The encoded representations are stored in the ``dataset['en_encoded']`` and ``dataset['fr_encoded']`` columns, respectively. These encoded representations can be used as input to train translation models or perform other text-to-text translation tasks.


In [19]:
# Tokenization and numerical encoding using appropriate tokenizer
tokenizer = MarianTokenizer.from_pretrained('Helsinki-NLP/opus-mt-en-fr')
dataset['en_encoded'] = dataset['en_cleaned'].apply(lambda x: tokenizer.encode(x, return_tensors='pt'))
dataset['fr_encoded'] = dataset['fr_cleaned'].apply(lambda x: tokenizer.encode(x, return_tensors='pt'))
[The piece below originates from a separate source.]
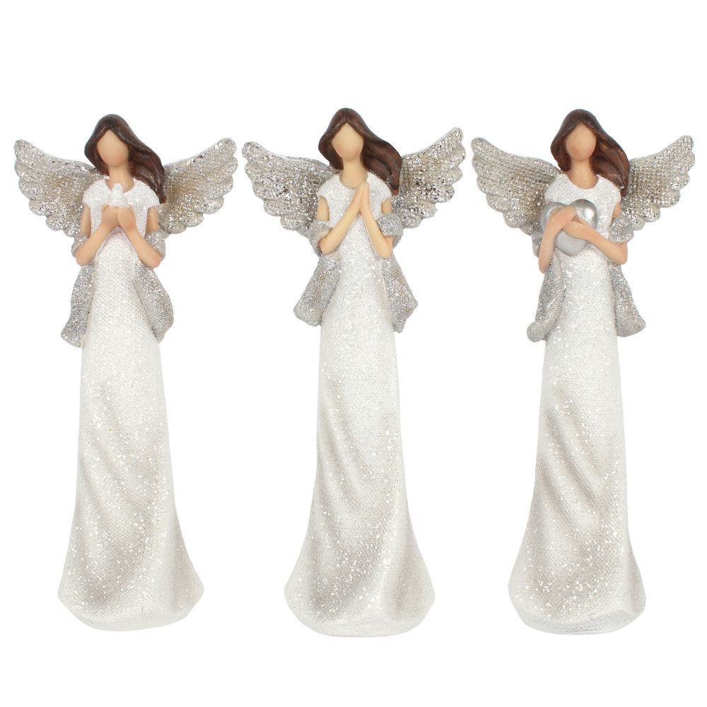 Beautiful trio of medium sized angel ornaments with a subtle glitter and metallic silver finish. The first angel holds a white dove to symbolise peace, the second holds her hands in a praying position and the third holds a silver heart to represent love.

Token indices sequence length is longer than the specified maximum sequence length for this model (733 > 512). Running this sequence through the model will result in indexing errors


### Padding and Truncation

This section performs padding and truncation on the encoded sequences to ensure they have a consistent length.
The maximum sequence length is set to 512.
Sequences shorter than the maximum length are padded with zeros, while longer sequences are truncated.
The padded and truncated sequences are stored in the 'en_padded' and 'fr_padded' columns of the dataset, respectively.


In [22]:
max_seq_length = 512  # Maximum sequence length supported by the model

# Tokenization and numerical encoding with truncation and padding
dataset['en_encoded'] = dataset['en_cleaned'].apply(lambda x: tokenizer.encode(x, max_length=max_seq_length, truncation=True, padding='max_length', return_tensors='pt'))
dataset['fr_encoded'] = dataset['fr_cleaned'].apply(lambda x: tokenizer.encode(x, max_length=max_seq_length, truncation=True, padding='max_length', return_tensors='pt'))

### Train/Validation/Test Split


In [26]:
train_data, test_data = train_test_split(dataset, test_size=0.2, random_state=42)

## Save Preprocessed Data

In [None]:
# train_data.to_csv('../data/preprocessed/preprocessed_train.csv', index=False)
# test_data.to_csv('../data/preprocessed/preprocessed_test.csv', index=False)